Notice that the CNOTs cascade in series, applied to all possible qubits. The number of CNOTs and the depth of the circuit thus grows with the number of qubits $N$.

With Bloqade, we can generate a QASM2 representation of this circuit with the following function:

In [3]:
def ghz_linear(n: int):
    n_qubits = int(2**n)

    @qasm2.extended
    def ghz_linear_program():

        qreg = qasm2.qreg(n_qubits)
        # Apply a Hadamard on the first qubit
        qasm2.h(qreg[0])
        # Create a cascading sequence of CX gates
        # necessary for quantum computers that
        # only have nearest-neighbor connectivity between qubits
        for i in range(1, n_qubits):
            qasm2.cx(qreg[i - 1], qreg[i])
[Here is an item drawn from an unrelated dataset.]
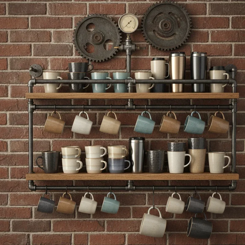Embrace the industrial trend with pipe racks that bring urban edge to your coffee cup storage. These DIY-friendly systems use plumbing pipes and fittings to create custom configurations that fit your specific space and needs. The raw metal aesthetic pairs beautifully with exposed brick, concrete countertops, or modern farmhouse designs. Build a simple rail with hooks or create elaborate multi-level displays that become conversation pieces. The durability of metal pipes means they'll support even your heaviest ceramic mugs without worry. Customize the finish with spray paint, or leave pipes raw for authentic industrial appeal. This storage solution proves that functional elements can become striking design features when creativity meets practicality.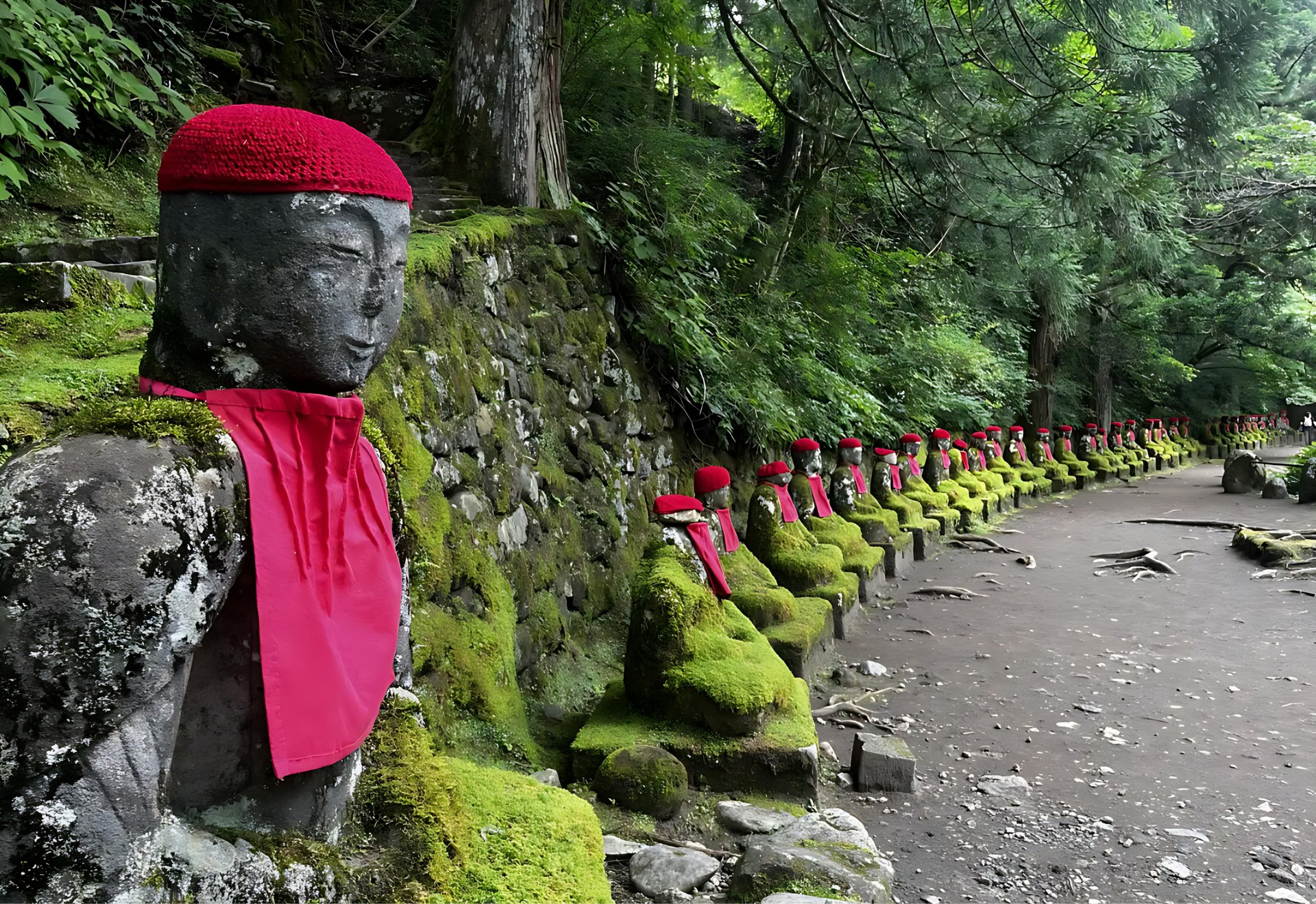 Walk through a gorge filled with ’Jizo’ statues and see a waterfall!

    return ghz_linear_program

This naively simple syntax already hides several Bloqade-specific features that will play a big role in the efficient deployment of circuits.  Notice the use of the `@qasm2.extended` decorator. This is turning the `ghz_linear_program()` function into a kernel that allows the deployment of high-level programming control-flow to our QASM2 representation of the circuit. This includes the ability to declare `for` loops, as well as the utilization of the variable `n_qubits` to generate circuits for variable problem instances. _(for the programming savvy, you may recognize this structure of nesting functions keeping local variables is known as a 'closure')_

Let's print the QASM2 file corresponding to this circuit for 4 qubits:

In [4]:
from bloqade.qasm2.emit import QASM2 # the QASM2 target
from bloqade.qasm2.parse import pprint # the QASM2 pretty printer

target = QASM2()
ast = target.emit(ghz_linear(2))
pprint(ast)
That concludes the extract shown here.